The legal challenge brought by two women represented by CWJ, was issued in July 2019, but put on hold pending the publication of a report by the Information Commissioner on ‘Digital Data Extraction’, which was published in June this year. The ICO report followed an 18-month investigation, which reviewed a number of different police forces’ procedures for extraction of mobile phone data and found ‘no evidence’ of police officers considering less intrusive alternatives to mobile phone extraction. The ICO expressed concern that: ‘Considerations of necessity, proportionality and collateral intrusion were not, based on what we saw, sufficiently or routinely documented’

A Court of Appeal judgment, Bater-James and Mohammed v The Queen [2020], that was given shortly after, provided a set of guiding legal principles for a correct lawful and proportionate approach to the disclosure of data from complainants in rape and other sexual offences. 
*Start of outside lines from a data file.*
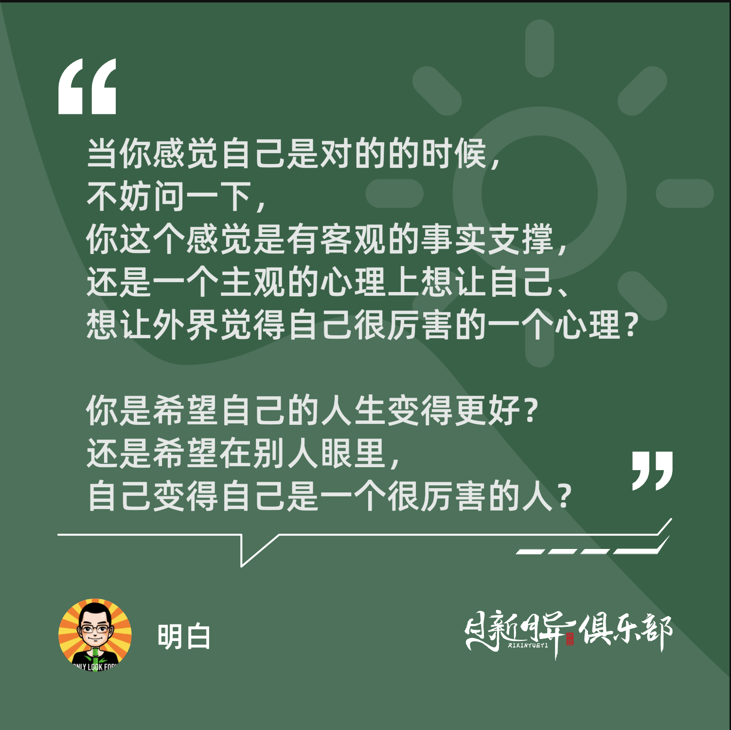 所以我觉得感觉自己是对的这件事,它是一个能力,它不是一种感觉,它是需要我们对自己有一个一个客观的认识。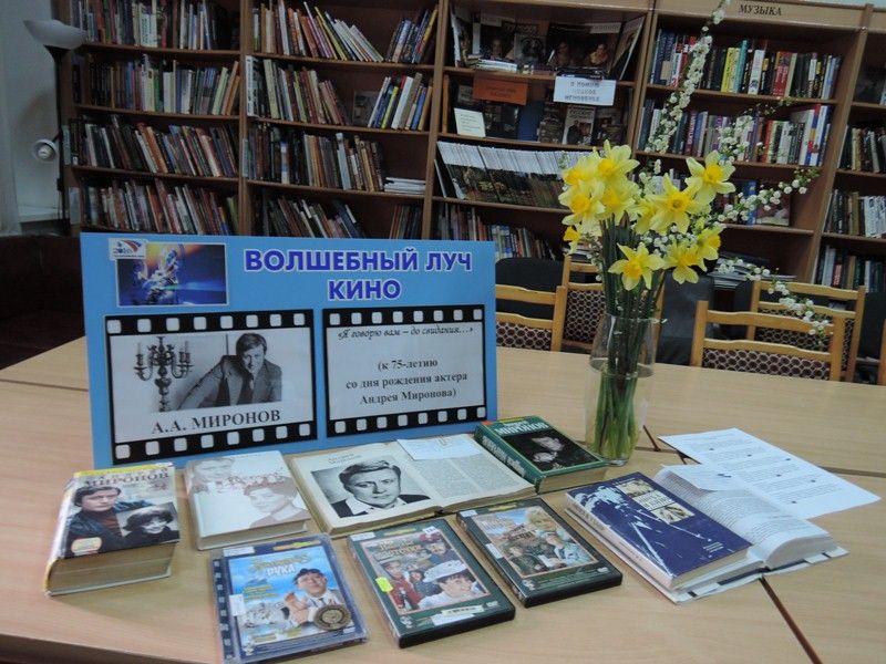 Сотрудники отделов литературы по искусству и справочно-информационной службы библиотеки им. Н. А. Некрасова подготовили обзоры литературы о жизни и творчестве знаменитого актера. Вниманию зрителей предложили просмотр фрагментов из документального фильма «Андрей Миронов. Последние 24 часа», из кинокартин «Человек с бульвара капуцинов», «Бриллиантовая рука», «Небесные ласточки», «Мой друг Иван Лапшин», «Ревизор» и другие.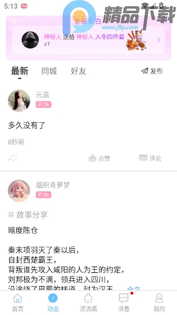 5、发出或者拾取一个漂流瓶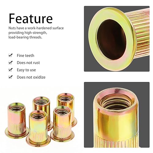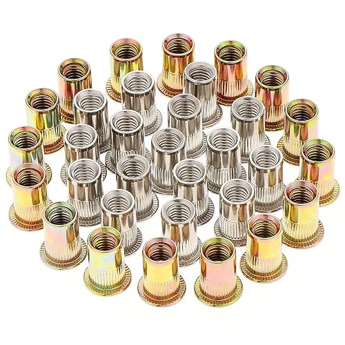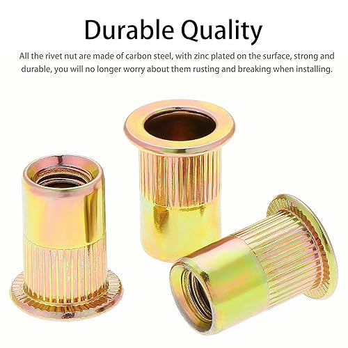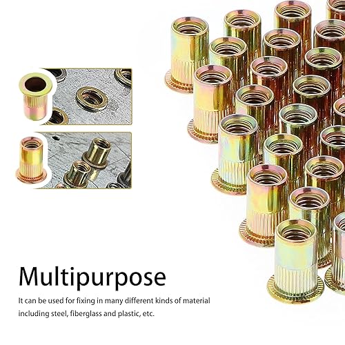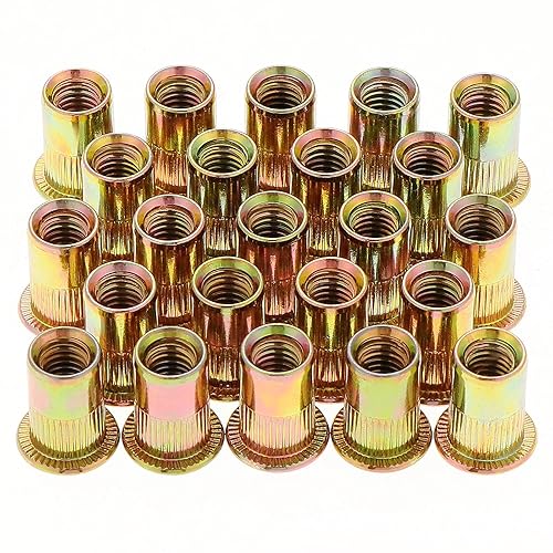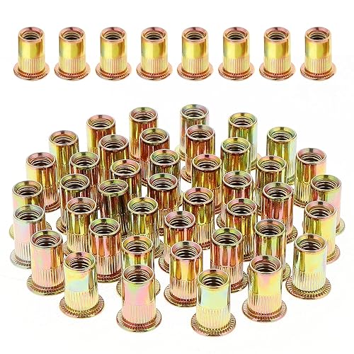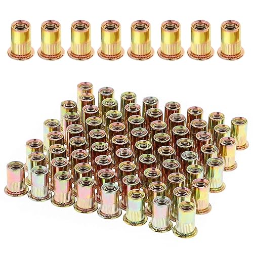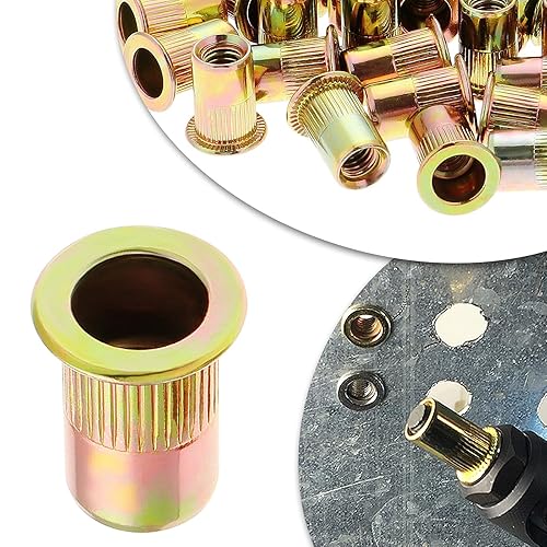 Gueenky 100 Stück Nietmuttern M8 Verzinkt Kohlenstoffstahl, Einnietmuttern M8 Kohlenstoffstahl Einziehmuttern Nutsert Gewindenieten Blindnietmuttern Nietmuttern für Metall Kunststoff

The Centre for Women’s Justice claim brought on behalf of two women, ‘Courtney’ and ‘Olivia’ ,who had reported rape to the police and objected to them downloading the whole of their personal digital data which, they argued, was not relevant to the allegations they had made. Centre for Women’s Justice have received inquiries from hundreds of other rape victims and frontline service providers raising concerns about the intrusive disclosure requests which were deterring victims from pursuing allegations.
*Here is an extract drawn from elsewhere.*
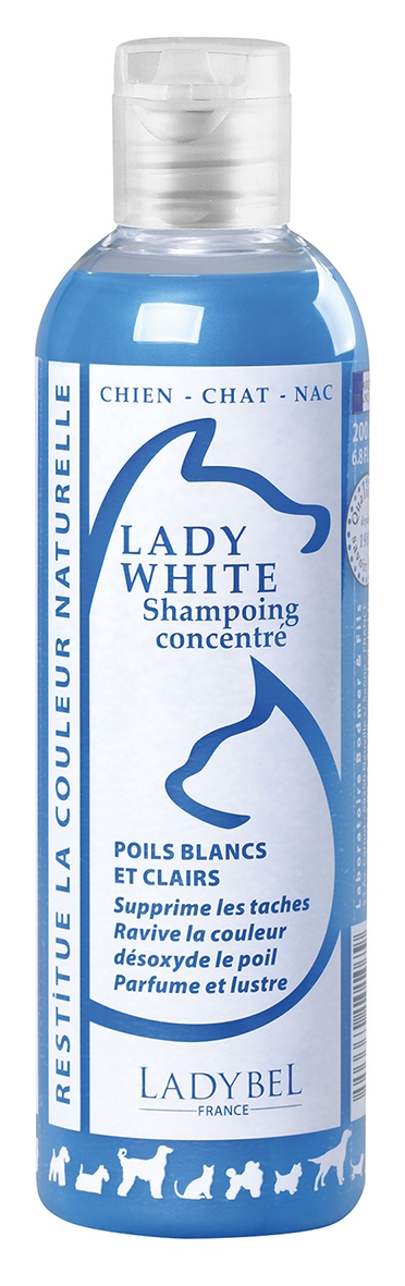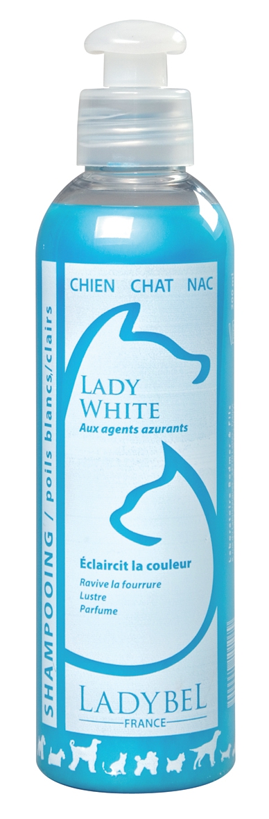 Le shampooing Lady White de la marque Lady Bell est un shampooing qui ravive la couleur, convient à tous les types de poils, désodorise et fait briller, favorise la pousse du poil et facilite le brushing. Le shampooing évite le jaunissement des fourrures blanches.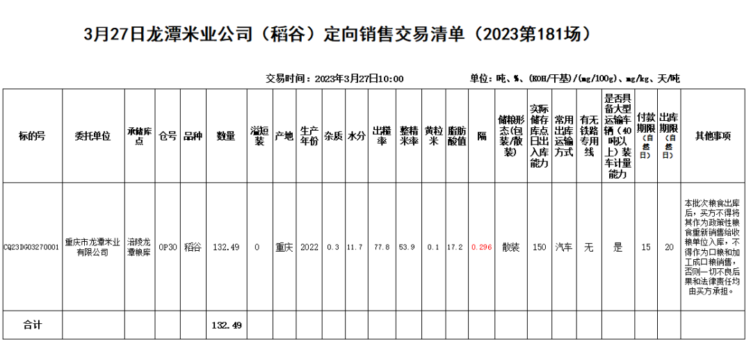 3月27日龙潭米业公司(稻谷)定向销售交易会公告(2023第181场)

The publication of the ICO report and Court of Appeal judgment, vindicated the legal action brought, confirming the grounds of challenge. The claim, which additionally provided evidence of sex discrimination in the approach taken, was funded by the Equality and Human Rights Commission.

‘Olivia’ said:

“My experience with the police and CPS was degrading and unlawful. I was raped by a stranger and the police demanded 7 years of irrelevant data from me that predated the rape. Infuriatingly, the police and CPS have repeatedly said to the press that they only pursue reasonable lines of enquiry. This is untrue. I hope now that other women won’t be subjected to these unlawful requests.”


 
‘Courtney’ said:  

“I welcome the announcement by the NPCC because for the first time I feel like there is hope that victims of sexual violence will no longer have to make the choice between privacy or justice as I did.  There was nothing consensual about these "consent forms" and it is a relief that the CPS and police have finally accepted that. I approach this announcement with some trepidation, however, as I have been so seriously hurt and let down by the criminal justice system in the past. I am concerned that just doing away with the forms won't necessarily improve practice. I look forward to the day when I may effectively hold my attacker accountable and make our streets more safe".
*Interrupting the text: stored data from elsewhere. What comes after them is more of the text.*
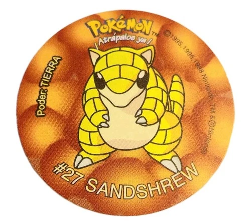 SABRITAS POKEMON SANDSHREW #27 Tazos 1998 NINTENDO Mexico Pog Cup Taps NM+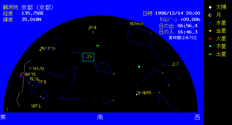 | くじら座のミラが肉眼でも確認できるようになってきています。この星は変光星であり、明るさが周期332日で2.3〜10.1等星 と変化します。 |
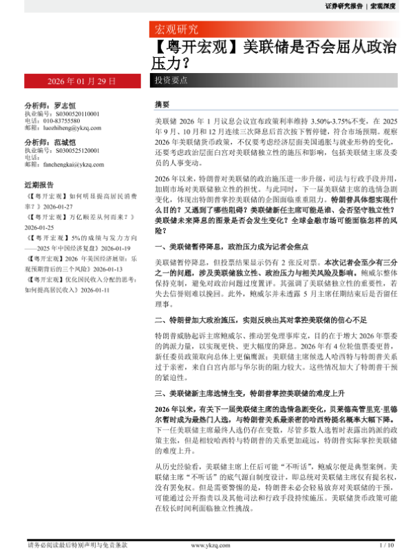 【粤开证券】【202601】美联储是否会屈从政治压力?-10页 证券期货研究报告

Harriet Wistrich, director of CWJ said,

“we are relieved that these forms have finally been withdrawn from use, but they should never have been used in the first place. Their effect has been to delay rape cases and deter many victims from coming forward or continuing with their cases. We will work with the defendants to ensure something fair and proportionate is put in its place.”


Silkie Carlo, director of Big Brother Watch, who have provided evidence to support the legal challenge and published ‘Digital Strip search’, said

“This u-turn on digital strip searches is a huge success for our groups, the two women who bravely took on this legal challenge, and the thousands of people who signed our petition. These forms entrenched an intrusive and unlawful policy of digital interrogations that obstructed justice for thousands of people. “


EHRC chief executive office, Rebecca Hilsenrath, said:
 
“Digital data extraction forms are an invasion of privacy at a time when victims of crime are at their most vulnerable. There is no evidence that they are necessary in building a case. As they are predominantly applied to survivors of rape or sexual assault, they disproportionately impact on women and act as a discriminatory barrier to justice."

“We are proud to have assisted in the challenge by two brave claimants who brought this issue to the fore with the Centre for Women’s Justice. We welcome the decision from the National Police Chief’s Council and hope it leads to improving confidence in the justice system on the part of survivors of sexual assault.”